French Defence Minister Jean Yves Le Drian is set to arrive here on September 22 along with CEOs of Dassault Aviation, Thales and MBDA to seal the 7.87 billion Euros deal for 36 Rafale fighter jets.
Defence sources said if all goes well, the Inter Governmental Agreement (IGA) will be signed on September 23. Government sources said the cost, offsets and service details have been finalised and work is currently being done on the IGA.
A “working team” from France is already in town with their own translators are going through the contract, running into several thousand pages, with their Indian counterparts.
The sources said that once the IGA is firmed up, the document will go to the Cabinet Committee on Security for final clearance.
The French Defence Minister will be arriving on the evening of September 22 along with CEOs of companies involved in the Rafale project, sources involved in the deal said.
India has been able to save over Euro 590 million through tough price negotiations which began in January this year.
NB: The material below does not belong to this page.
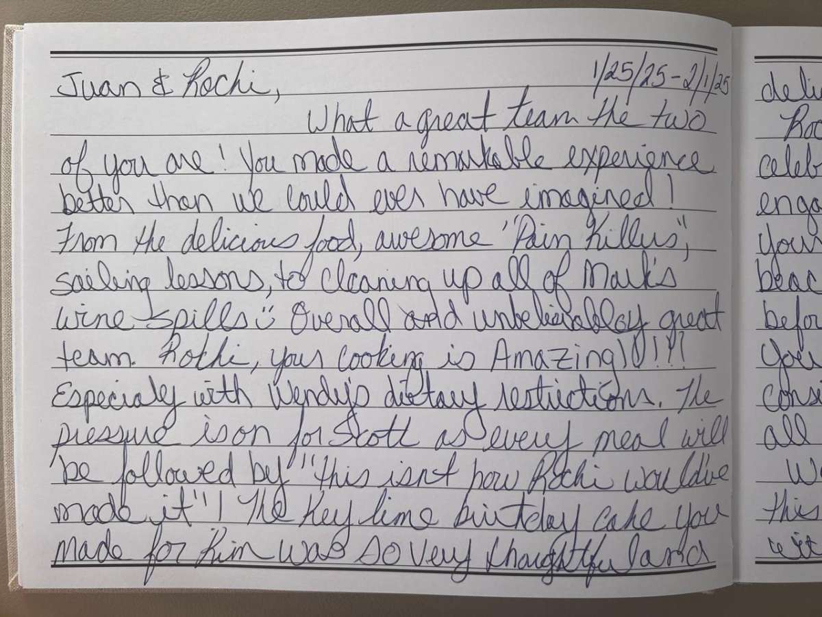 Dear Juan and Rochi,What a great team the two of you are! You made a remarkable experience better than we could ever have imagined!😍 From the delicious food and awesome "Painkillers" to sailing lessons and cleaning up all of Mark's wine spills—overall, an unbelievably great team!!!
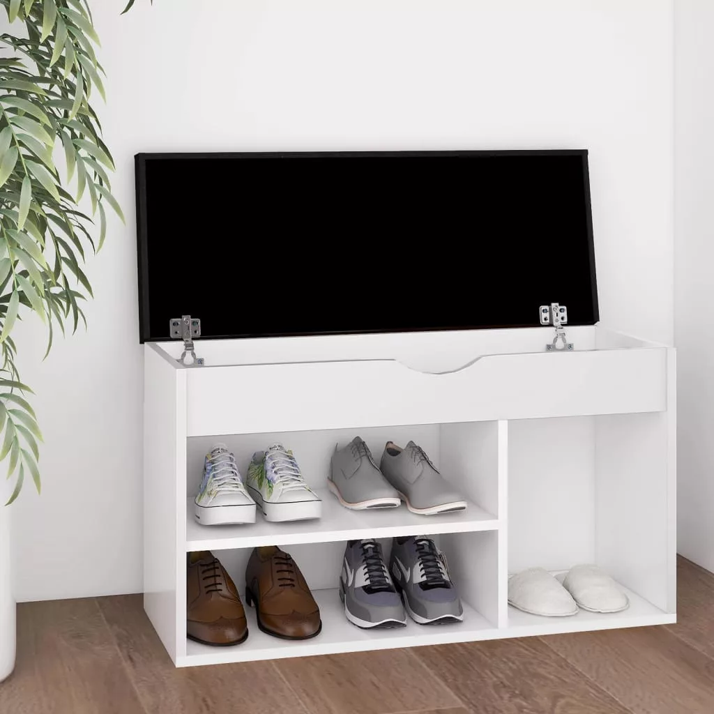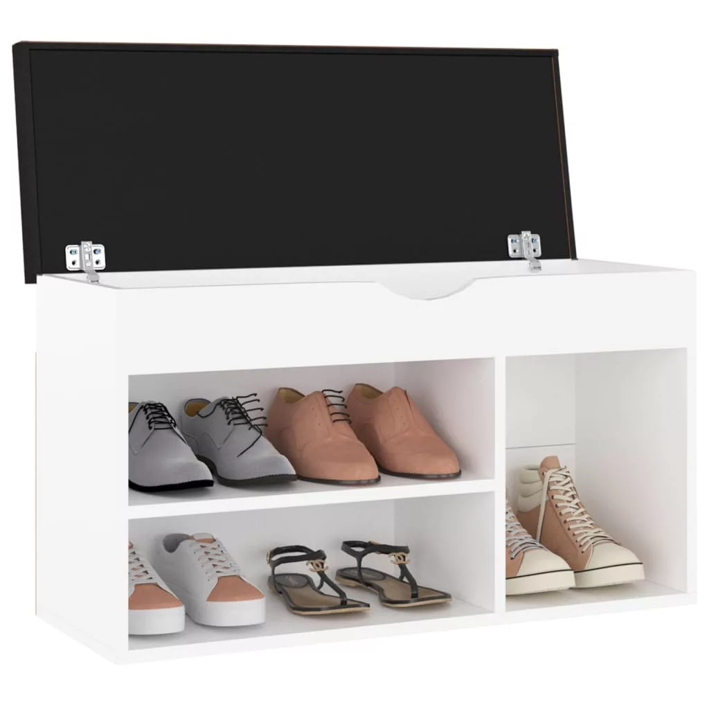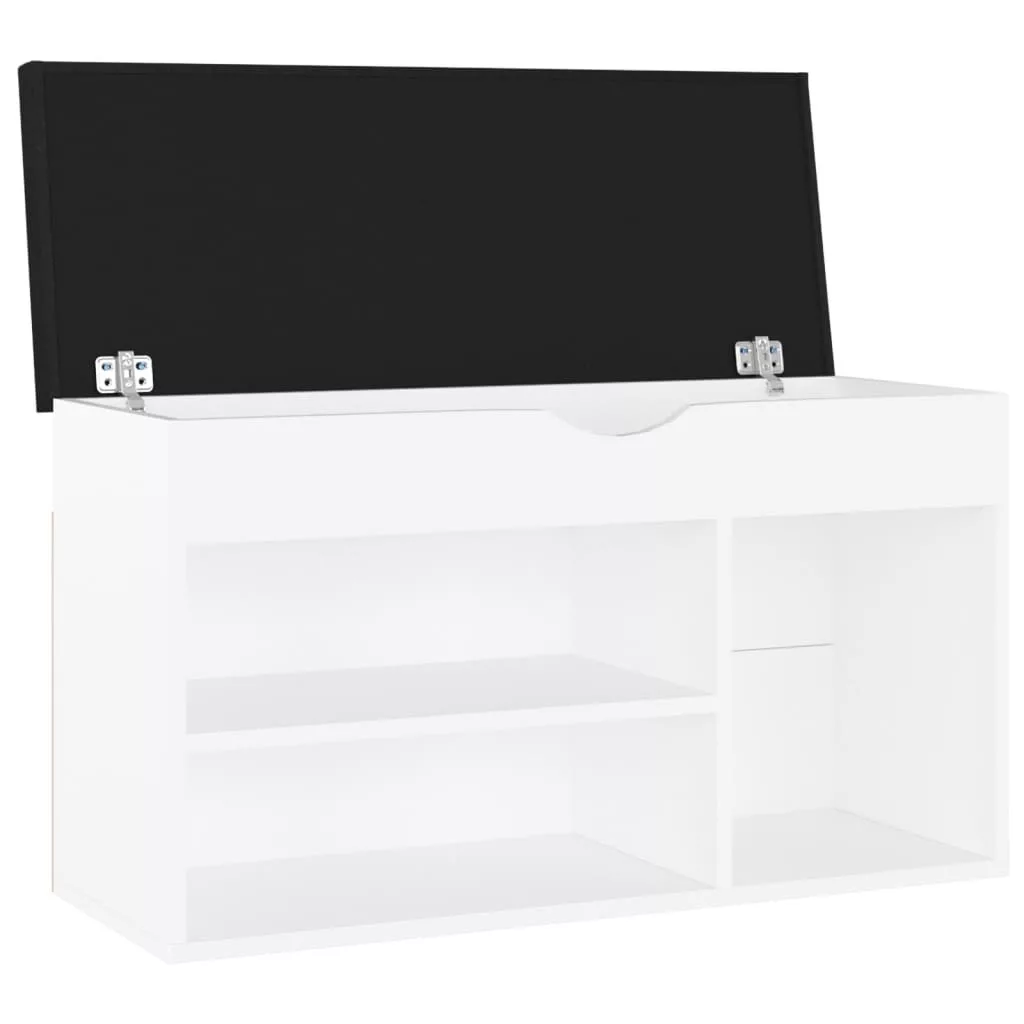 fehér szerelt fa cipőtároló pad párnával 80 x 30 x 47 cm

Though the deal could have been firmed up earlier, issues like pricing and offsets took time as India wanted a better contract.
Following intervention by Prime Minister Narendra Modi late last year, France agreed for a 50 per cent offset clause. This means creating business worth at least three billion Euros for Indian companies, both big and small, and generating hundreds of jobs in India through offsets.
The delivery for the fighter aircraft is expected to begin in 2019, with an annual inflation capped at 3.5 per cent. The weapon systems, part of the deal, will also include the new-age beyond visual range missile ‘Meteor’, and Israeli helmet-mounted display.
Last month, a report submitted by the team negotiating the Rafale deal with France was cleared by the Defence Ministry. The file was then sent to the Prime Minister’s Office for review and clearance.
The work on the IGA started after that, sources said. During his visit to France in April last year, the Prime Minister had announced that India would purchase 36 Rafale jets in a government-to-government contract.
Soon after the announcement, the Defence Ministry had scrapped a separate process that was on to purchase 126 Rafale fighter planes, built by French defence giant Dassault Aviation.